Жена была в панике. Надо срочно дать кому-нибудь в военкомате «в лапу», чтобы «отмазать» сына, наседала она на Перевалова. По причине хронического безденежья давать Николаю Федоровичу все равно было нечего, да и не представлял он себя совершенно в роли взяткодателя. И главное – не видел в том необходимости. Нет, конечно, он не враг своему сыну и, кто спорит, лучше бы ему сначала вуз закончить. Но ведь есть же воинская обязанность, есть священный долг – Родину защищать. Сам когда-то его исполнил.

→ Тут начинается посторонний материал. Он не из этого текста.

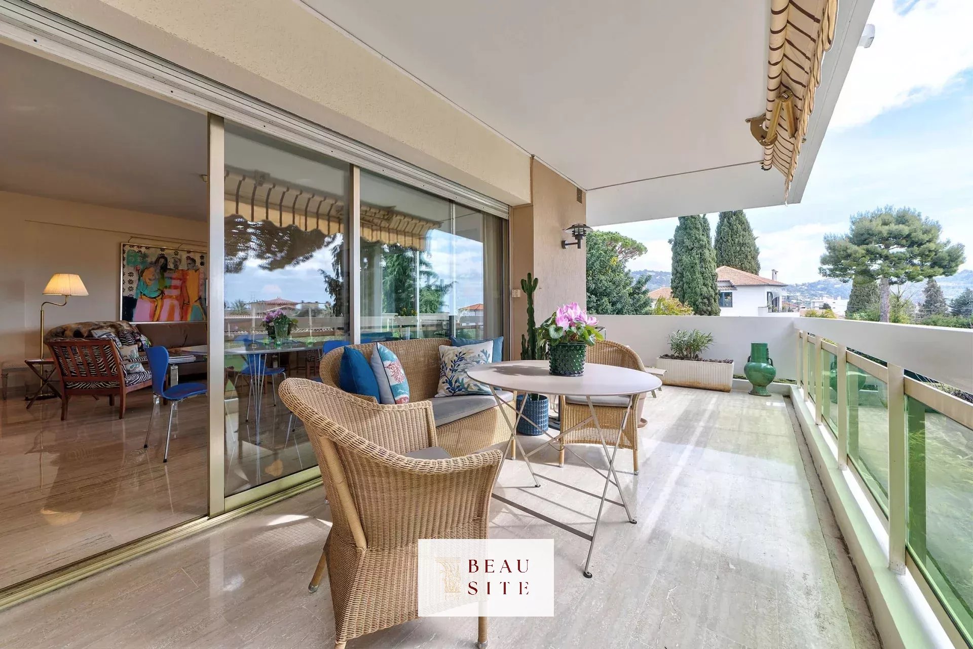CANNES PETIT JUAS : Appartement 4p avec grande terrasse et aperçu mer Appartement de 109 m² avec une grande terrasse de 60 m², une belle vue dégagée et un aperçu mer, niché au sein d'une résidence paisible avec piscine. A environ 5 minutes en voiture du centre de Cannes. L’appartement, au 1er étage, est en très bon état avec des prestations haut de gamme et se compose d’un spacieux séjour, d’une cuisine indépendante, de 3 belles chambres dont une en suite, ainsi que d'une salle de douches. 2 places de parking dans le garage et une cave.

«Какой долг? Какая Родина? – взвилась жена. – Эта жуткая, безобразная, прогнившая страна, где бандит на воре сидит и жуликом погоняет, – Родина? Ее защищать? Да пусть эта свора сама себя защищает!» – «Родину, как и мать, не выбирают», – как прилежный пионер возражал Перевалов и про себя думал: «Если она тяжело больна, не бросать же ее умирать».

Надо сказать, что причины для паники у жены Перевалова были веские. Уж давненько по окраинам их государственного плота то там, то сям зачинали дымиться от постоянных между собой трений суверенные бревна. А кое-где, в особо горячих точках и огонек с пороховым убийственным треском вспыхивал. Ну а в одном уголочке и вообще целый пожар занялся. Двести лет спесивые его обитатели ни перед кем не желали склоняться, а тут, когда ни твердой руки не стало, ни кнута, и вовсе выпряглись. Бросились новые кормчие статус-кво под названием «конституционный порядок» восстанавливать, да не тут-то было – фига уже не в кармане, а перед самым их носом торчала. Оскорбительная такая волосатая фига, провонявшая овечьей шерстью и звериным горским потом. Договориться, пряничком угостить, чтоб успокоились, западло показалось, решили, что кнут надежнее. Забыли только, что и кнут надо уметь держать. А то, неровён час, тебя же твоим кнутом и перетянут. Так оно и вышло. Тем более что дети гор не только по части кнута были большие специалисты. Они и лицедеями оказались отменными. Не дай Бог, их было чуть задеть, даже голосом построжеть! Уж такой концерт с выходом на мировую общественность закатывали, такую трагедию с поруганием прав человека разыгрывали, вышибая праведный гнев и сострадательные слезы у добропорядочного человечества, что даже привычных ко всему циничных кормчих приводили в смятение. Поминутно оглядываясь за «бугор», из-за которого доносились голоса в защиту горских овечек вперемешку с угрозами в адрес их обидчиков, кормчие начинали паниковать, делать глупости. Нашелся и возле кормчих кое-кто, кому весь этот сыр-бор на руку оказался, кто свой темный интерес в нем ловко прятал, с теми же лицедействующими овечками снюхавшись. В конце концов запутавшись окончательно, кормчие решили просто разрубить «гордиев узел». Тем более что ни они, ни их предшественники ничего другого, кроме как пустить юшку, не умели.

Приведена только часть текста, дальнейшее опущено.